This June, planners are set to resume their work on the future of 290 acres around Rockville Pike, though some would like to see it happen sooner.
The White Flint 2 Sector Plan encompasses the horseshoe-shaped area on either side of Rockville Pike between the White Flint area and the official boundary of the City of Rockville.
It includes suburban-style office buildings along Executive Boulevard, the Montrose Crossing Shopping Center, Pike Center, Randolph Hills Shopping Center and a number of light-industrial and commercial uses along Parklawn Drive.
Planners would look at new, mixed-use zoning that would make the area more similar to what’s planned just to the south in White Flint. They would also hope to address traffic flow issues and how to connect areas divided by a CSX rail line running north and south.
On Tuesday, some County Council members told Planning Department Director Gwen Wright they’d like to see work restart on the plan as soon as this month. Planners held a community meeting in 2012 on the area before it was delayed in the work plan.
“There’s money to be made there,” Councilmember George Leventhal told Wright during the Council’s semi-annual review of the department’s work schedule. “White Flint 2 has the nearest-term opportunity to grow our tax base significantly. I don’t think it’s especially controversial.”
Wright said the department got a letter requesting the plan be finished by March 2016, which she said would be overly ambitious for a process that involves traffic studies, community meetings, Planning Board hearings and plenty of zoning tweaks and changes.

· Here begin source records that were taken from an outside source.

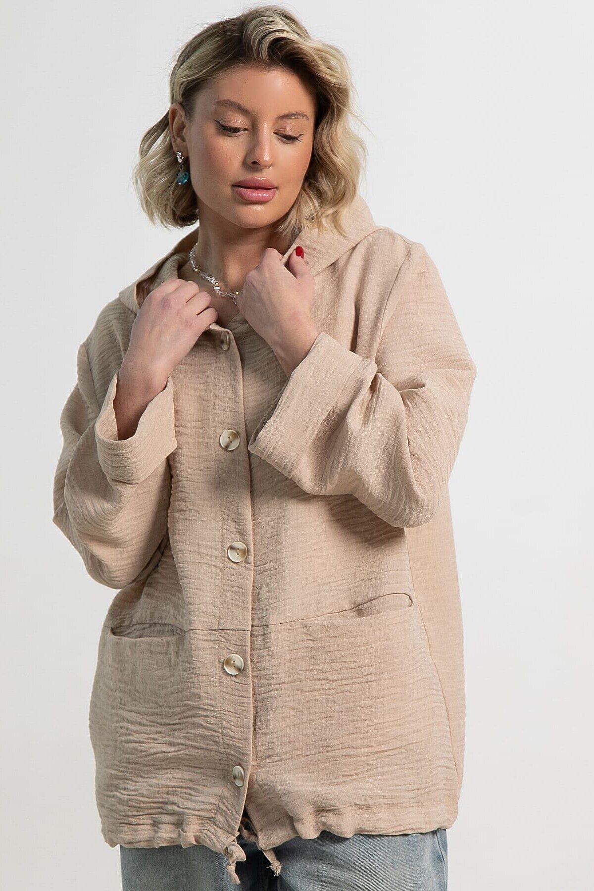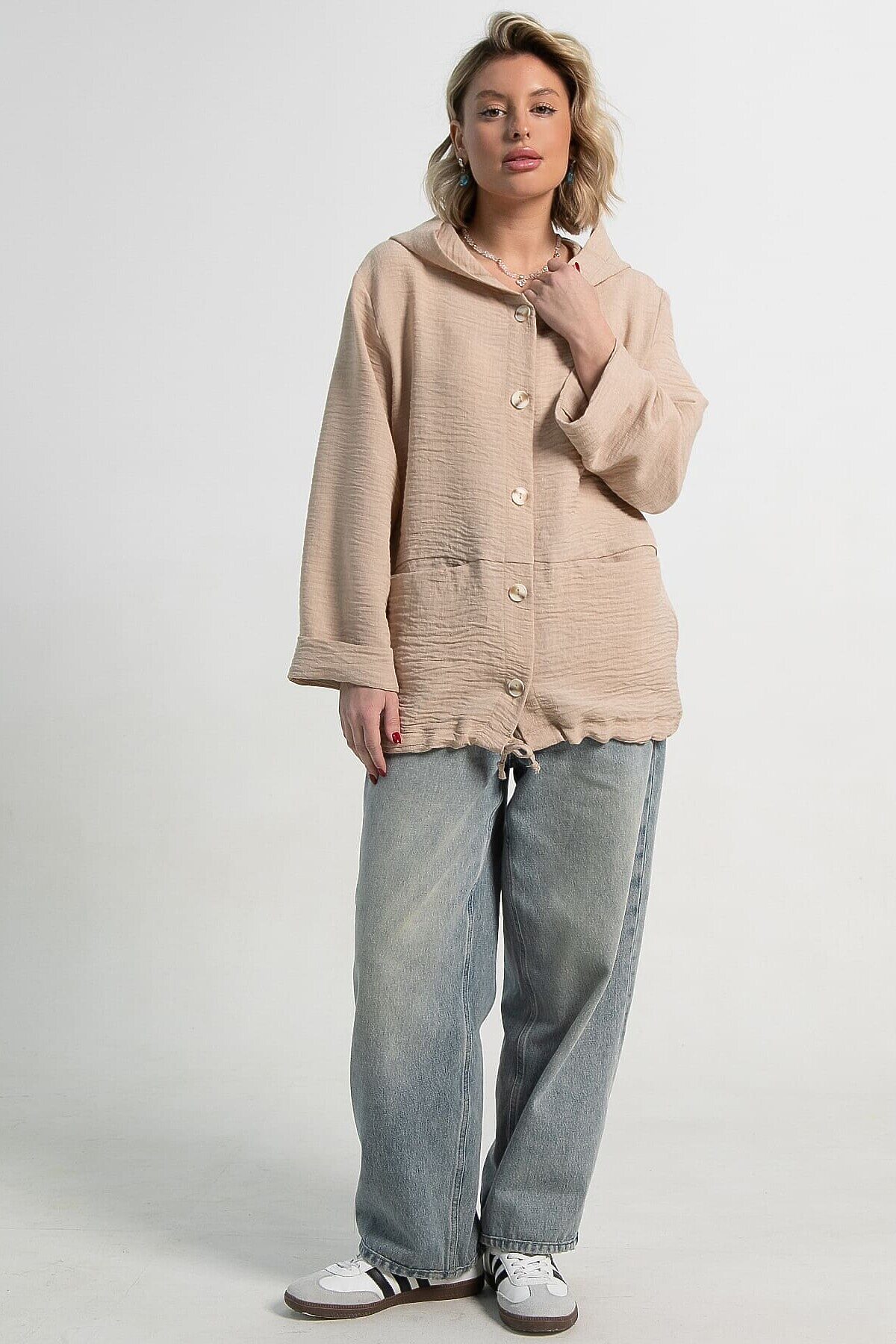 Пыльник абсолютно справедливо стал незаменимой вещью гардероба многих женщин. Такой предмет гардероба подходит для очень тёплой весны или лета, когда на плечи нужно набросить тонкий второй слой одежды. Предлагаем летний пыльник прямого кроя, застёжка на пуговицах, с капюшоном. По низу изделия кулиска, свободные рукава 7/8 с манжетами, два кармана в горизонтальном шве на полочке. Достаточно накинуть летний пыльник поверх обычных джинсов с футболкой — и стильный образ готов!
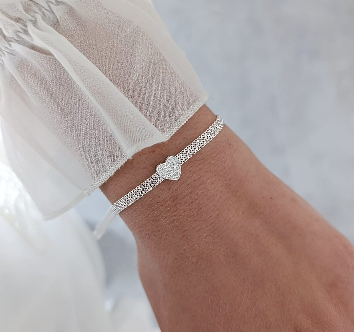 עמוד הביתצמידיםצמידי נשים משובצים צמיד רשת לב משובץ
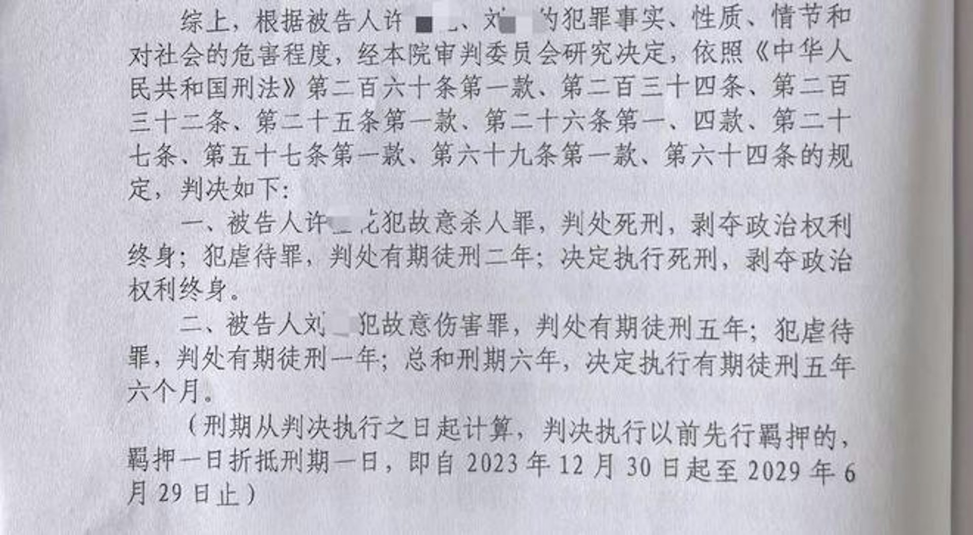 + O, i- h( r, G3 D6 I最終,一審法院判決許某花犯故意殺人罪和虐待罪,決定執行死刑,剝奪政治權利終身;劉某犯故意傷害罪和虐待罪,決定執行有期徒刑五年六個月。

“It’s complicated because it is tied in with a lot of the same traffic issues that came into play in White Flint,” Wright said.
The department says the plan could be ready for Council review by December 2016.
Councilmember Nancy Floreen said both the White Flint 2 and Rock Spring plan for an area of office parks in Bethesda should be made a top priority. Floreen alluded to Marriott International’s desire for a new headquarters location.
The corporation is now located in Rock Spring on Fernwood Road. Some in the White Flint area would like to see it relocate there to help spur the expected redevelopment approved by the 2010 White Flint Sector Plan.
Floreen also asked Wright to speed up the department’s planned study of naturally occurring affordable housing. Wright said securing a consultant to help with the study slowed down the process and that an advisory committee on the topic is set to meet for the first time this month.
The Planning Department now expects the Bethesda Downtown Plan to reach the Council in January 2016, instead of the previously scheduled June 2015. The Westbard Plan has also been moved back from a November 2015 submittal to the Council to March 2016.